4.1. PHIP is overall expressed in various leukemia cell lines Western blot on different leukemia cell line lysates revealed that PHIP was prominently present

in most samples containing all sorts of oncogenes and activated pathways.

In HPB-ALL (TLX3), Jurkat (TAL1) and SEM (B-cell leukemia with MLL fusion) PHIP was most

abundantly expressed, whereas Karpas-45 (T-ALL with MLL fusion), MOLM-13 (acute myeloid

leukemia with MLL fusion) and MOLT-13 (non-TLX) almost completely lacked the protein. This

could suggest that, depending on the type of T-ALL, the role of PHIP could differ.

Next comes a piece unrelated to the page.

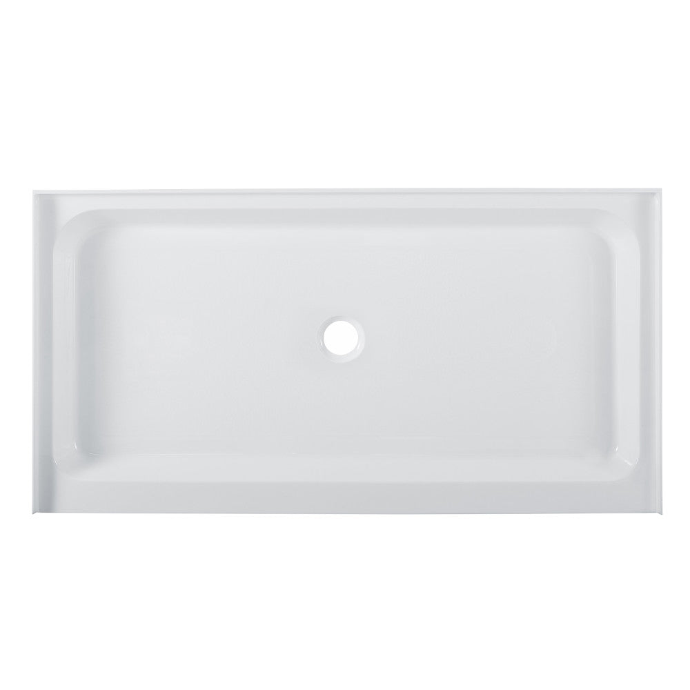 Voltaire 60" x 32" Acrylic White, Single-Threshold, Center Drain, Shower Base

4.2. PHIP is present in both the cytoplasm and the nucleus PHIP western blot on nuclear and cytoplasmic extractions showed us that the location of the PHIP protein differs from one T-ALL cell line to another and that in repeated experiments using the same cell line. This could suggest that PHIP could shuttle between the cytoplasm and the nucleus and maybe perform different functions in each cellular compartment. There are studies suggesting a role of PHIP as regulator of the mediators of the IGF1 pathway [14,15,30], whereas the study of Morgan et al. showed a nuclear confinement of PHIP, binding H3K4 methylated histones [23]. Next to this, preliminary ChIP sequencing data shows that, also in the T-ALL cell lines Jurkat and HPB-ALL, PHIP binds to a large number of genomic sites.Because of this, the protein could both be present in the cytoplasm or nucleus respectively. The results of the cytoplasmic and nuclear extracts can conclude that depending on the type of cancer the location of PHIP can vary. This could suggest that PHIP harbors different kind of functions in different diseases.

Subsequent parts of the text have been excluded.